WHAT IS BEING ASKED:
Line by line, transcribe the listing below without omission.

DATA IN THIS EXERCISE:
===============

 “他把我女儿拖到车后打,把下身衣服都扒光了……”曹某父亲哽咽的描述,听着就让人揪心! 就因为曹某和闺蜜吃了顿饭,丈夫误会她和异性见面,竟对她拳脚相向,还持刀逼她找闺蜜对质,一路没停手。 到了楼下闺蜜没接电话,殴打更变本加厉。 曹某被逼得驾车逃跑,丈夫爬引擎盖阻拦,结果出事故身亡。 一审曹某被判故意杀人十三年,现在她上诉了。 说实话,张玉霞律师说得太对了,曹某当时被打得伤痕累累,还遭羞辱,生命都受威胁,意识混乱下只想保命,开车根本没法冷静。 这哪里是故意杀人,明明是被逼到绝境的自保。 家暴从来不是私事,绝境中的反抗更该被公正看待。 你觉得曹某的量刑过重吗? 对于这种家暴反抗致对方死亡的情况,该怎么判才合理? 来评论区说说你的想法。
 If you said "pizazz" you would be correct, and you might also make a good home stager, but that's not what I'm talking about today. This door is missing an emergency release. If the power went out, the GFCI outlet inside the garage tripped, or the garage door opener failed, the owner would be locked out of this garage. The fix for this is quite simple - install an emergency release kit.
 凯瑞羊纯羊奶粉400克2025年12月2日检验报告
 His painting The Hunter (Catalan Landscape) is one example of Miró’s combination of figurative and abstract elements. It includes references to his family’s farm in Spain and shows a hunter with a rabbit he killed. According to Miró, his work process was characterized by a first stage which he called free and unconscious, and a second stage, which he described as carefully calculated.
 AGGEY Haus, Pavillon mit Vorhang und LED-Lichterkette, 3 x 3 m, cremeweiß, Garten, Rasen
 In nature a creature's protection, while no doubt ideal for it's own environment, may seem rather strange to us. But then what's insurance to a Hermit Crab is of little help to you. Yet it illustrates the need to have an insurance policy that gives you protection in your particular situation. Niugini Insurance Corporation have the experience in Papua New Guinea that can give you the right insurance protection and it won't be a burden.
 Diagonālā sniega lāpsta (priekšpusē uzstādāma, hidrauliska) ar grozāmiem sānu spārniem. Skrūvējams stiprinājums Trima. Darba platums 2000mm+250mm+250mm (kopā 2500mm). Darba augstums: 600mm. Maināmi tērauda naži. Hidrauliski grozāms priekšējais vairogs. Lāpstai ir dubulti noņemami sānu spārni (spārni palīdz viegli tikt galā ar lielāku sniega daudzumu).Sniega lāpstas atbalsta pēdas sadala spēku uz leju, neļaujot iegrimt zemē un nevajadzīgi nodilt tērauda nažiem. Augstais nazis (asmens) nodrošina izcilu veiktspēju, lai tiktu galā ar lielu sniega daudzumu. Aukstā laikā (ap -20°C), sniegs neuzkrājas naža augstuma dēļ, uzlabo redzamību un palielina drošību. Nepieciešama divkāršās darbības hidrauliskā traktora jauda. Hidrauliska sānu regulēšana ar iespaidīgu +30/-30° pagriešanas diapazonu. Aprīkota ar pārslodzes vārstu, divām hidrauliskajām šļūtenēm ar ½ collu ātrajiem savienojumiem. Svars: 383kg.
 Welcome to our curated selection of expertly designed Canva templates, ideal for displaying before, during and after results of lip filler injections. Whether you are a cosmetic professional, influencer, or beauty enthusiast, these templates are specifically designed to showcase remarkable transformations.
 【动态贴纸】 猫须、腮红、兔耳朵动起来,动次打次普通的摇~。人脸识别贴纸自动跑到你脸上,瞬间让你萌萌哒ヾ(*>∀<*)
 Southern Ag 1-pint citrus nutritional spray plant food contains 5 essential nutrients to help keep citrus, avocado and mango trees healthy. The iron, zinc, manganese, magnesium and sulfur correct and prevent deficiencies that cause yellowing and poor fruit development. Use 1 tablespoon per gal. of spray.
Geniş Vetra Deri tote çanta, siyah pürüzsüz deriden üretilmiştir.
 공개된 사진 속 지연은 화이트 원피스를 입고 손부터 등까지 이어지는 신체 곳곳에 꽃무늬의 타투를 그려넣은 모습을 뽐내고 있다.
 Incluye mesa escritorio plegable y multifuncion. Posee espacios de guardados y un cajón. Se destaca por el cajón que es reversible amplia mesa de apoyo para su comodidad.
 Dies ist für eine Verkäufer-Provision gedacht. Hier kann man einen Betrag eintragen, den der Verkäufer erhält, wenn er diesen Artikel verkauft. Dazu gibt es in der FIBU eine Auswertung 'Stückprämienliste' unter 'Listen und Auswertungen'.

===============

RESULT OF THE EXERCISE:
 “他把我女儿拖到车后打,把下身衣服都扒光了……”曹某父亲哽咽的描述,听着就让人揪心! 就因为曹某和闺蜜吃了顿饭,丈夫误会她和异性见面,竟对她拳脚相向,还持刀逼她找闺蜜对质,一路没停手。 到了楼下闺蜜没接电话,殴打更变本加厉。 曹某被逼得驾车逃跑,丈夫爬引擎盖阻拦,结果出事故身亡。 一审曹某被判故意杀人十三年,现在她上诉了。 说实话,张玉霞律师说得太对了,曹某当时被打得伤痕累累,还遭羞辱,生命都受威胁,意识混乱下只想保命,开车根本没法冷静。 这哪里是故意杀人,明明是被逼到绝境的自保。 家暴从来不是私事,绝境中的反抗更该被公正看待。 你觉得曹某的量刑过重吗? 对于这种家暴反抗致对方死亡的情况,该怎么判才合理? 来评论区说说你的想法。
 If you said "pizazz" you would be correct, and you might also make a good home stager, but that's not what I'm talking about today. This door is missing an emergency release. If the power went out, the GFCI outlet inside the garage tripped, or the garage door opener failed, the owner would be locked out of this garage. The fix for this is quite simple - install an emergency release kit.
 凯瑞羊纯羊奶粉400克2025年12月2日检验报告
 His painting The Hunter (Catalan Landscape) is one example of Miró’s combination of figurative and abstract elements. It includes references to his family’s farm in Spain and shows a hunter with a rabbit he killed. According to Miró, his work process was characterized by a first stage which he called free and unconscious, and a second stage, which he described as carefully calculated.
 AGGEY Haus, Pavillon mit Vorhang und LED-Lichterkette, 3 x 3 m, cremeweiß, Garten, Rasen
 In nature a creature's protection, while no doubt ideal for it's own environment, may seem rather strange to us. But then what's insurance to a Hermit Crab is of little help to you. Yet it illustrates the need to have an insurance policy that gives you protection in your particular situation. Niugini Insurance Corporation have the experience in Papua New Guinea that can give you the right insurance protection and it won't be a burden.
 Diagonālā sniega lāpsta (priekšpusē uzstādāma, hidrauliska) ar grozāmiem sānu spārniem. Skrūvējams stiprinājums Trima. Darba platums 2000mm+250mm+250mm (kopā 2500mm). Darba augstums: 600mm. Maināmi tērauda naži. Hidrauliski grozāms priekšējais vairogs. Lāpstai ir dubulti noņemami sānu spārni (spārni palīdz viegli tikt galā ar lielāku sniega daudzumu).Sniega lāpstas atbalsta pēdas sadala spēku uz leju, neļaujot iegrimt zemē un nevajadzīgi nodilt tērauda nažiem. Augstais nazis (asmens) nodrošina izcilu veiktspēju, lai tiktu galā ar lielu sniega daudzumu. Aukstā laikā (ap -20°C), sniegs neuzkrājas naža augstuma dēļ, uzlabo redzamību un palielina drošību. Nepieciešama divkāršās darbības hidrauliskā traktora jauda. Hidrauliska sānu regulēšana ar iespaidīgu +30/-30° pagriešanas diapazonu. Aprīkota ar pārslodzes vārstu, divām hidrauliskajām šļūtenēm ar ½ collu ātrajiem savienojumiem. Svars: 383kg.
 Welcome to our curated selection of expertly designed Canva templates, ideal for displaying before, during and after results of lip filler injections. Whether you are a cosmetic professional, influencer, or beauty enthusiast, these templates are specifically designed to showcase remarkable transformations.
 【动态贴纸】 猫须、腮红、兔耳朵动起来,动次打次普通的摇~。人脸识别贴纸自动跑到你脸上,瞬间让你萌萌哒ヾ(*>∀<*)
 Southern Ag 1-pint citrus nutritional spray plant food contains 5 essential nutrients to help keep citrus, avocado and mango trees healthy. The iron, zinc, manganese, magnesium and sulfur correct and prevent deficiencies that cause yellowing and poor fruit development. Use 1 tablespoon per gal. of spray.
Geniş Vetra Deri tote çanta, siyah pürüzsüz deriden üretilmiştir.
 공개된 사진 속 지연은 화이트 원피스를 입고 손부터 등까지 이어지는 신체 곳곳에 꽃무늬의 타투를 그려넣은 모습을 뽐내고 있다.
 Incluye mesa escritorio plegable y multifuncion. Posee espacios de guardados y un cajón. Se destaca por el cajón que es reversible amplia mesa de apoyo para su comodidad.
 Dies ist für eine Verkäufer-Provision gedacht. Hier kann man einen Betrag eintragen, den der Verkäufer erhält, wenn er diesen Artikel verkauft. Dazu gibt es in der FIBU eine Auswertung 'Stückprämienliste' unter 'Listen und Auswertungen'.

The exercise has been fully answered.